* What this task involves
The output must consist only of the lines from the one with "Display all your" through the end of the listing, restated exactly and free of pictures.

* Available data

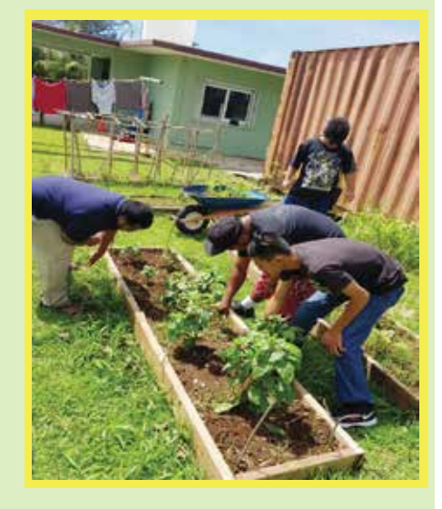
CLI has its very own plantation
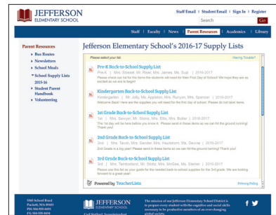
Display all your lists right within your website

Now that your school is plugged into the TeacherLists solution, it will be easier than ever to update and share your lists again next year. We're happy to act as your personal list assistant, too. Simply add us to your safe sender email list and we'll take of the rest. We'll send you links to your lists, notify you of cool new product features, and share special offers from our generous partners – from coupons and supply giveaways to big ticket sweepstakes. We'll even remind you when it's time to update your lists each year!
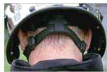
Adjustable fire proof trapezoidal chinstrap/neck-strap with leather chin-cup

third party on systems supported (request)
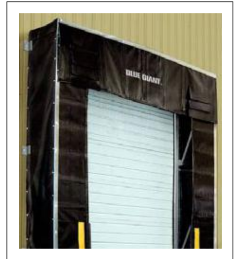
BGDSHR Retractable Dock Shelter

* Exercise answer
Display all your lists right within your website

Now that your school is plugged into the TeacherLists solution, it will be easier than ever to update and share your lists again next year. We're happy to act as your personal list assistant, too. Simply add us to your safe sender email list and we'll take of the rest. We'll send you links to your lists, notify you of cool new product features, and share special offers from our generous partners – from coupons and supply giveaways to big ticket sweepstakes. We'll even remind you when it's time to update your lists each year!
Adjustable fire proof trapezoidal chinstrap/neck-strap with leather chin-cup

third party on systems supported (request)
BGDSHR Retractable Dock Shelter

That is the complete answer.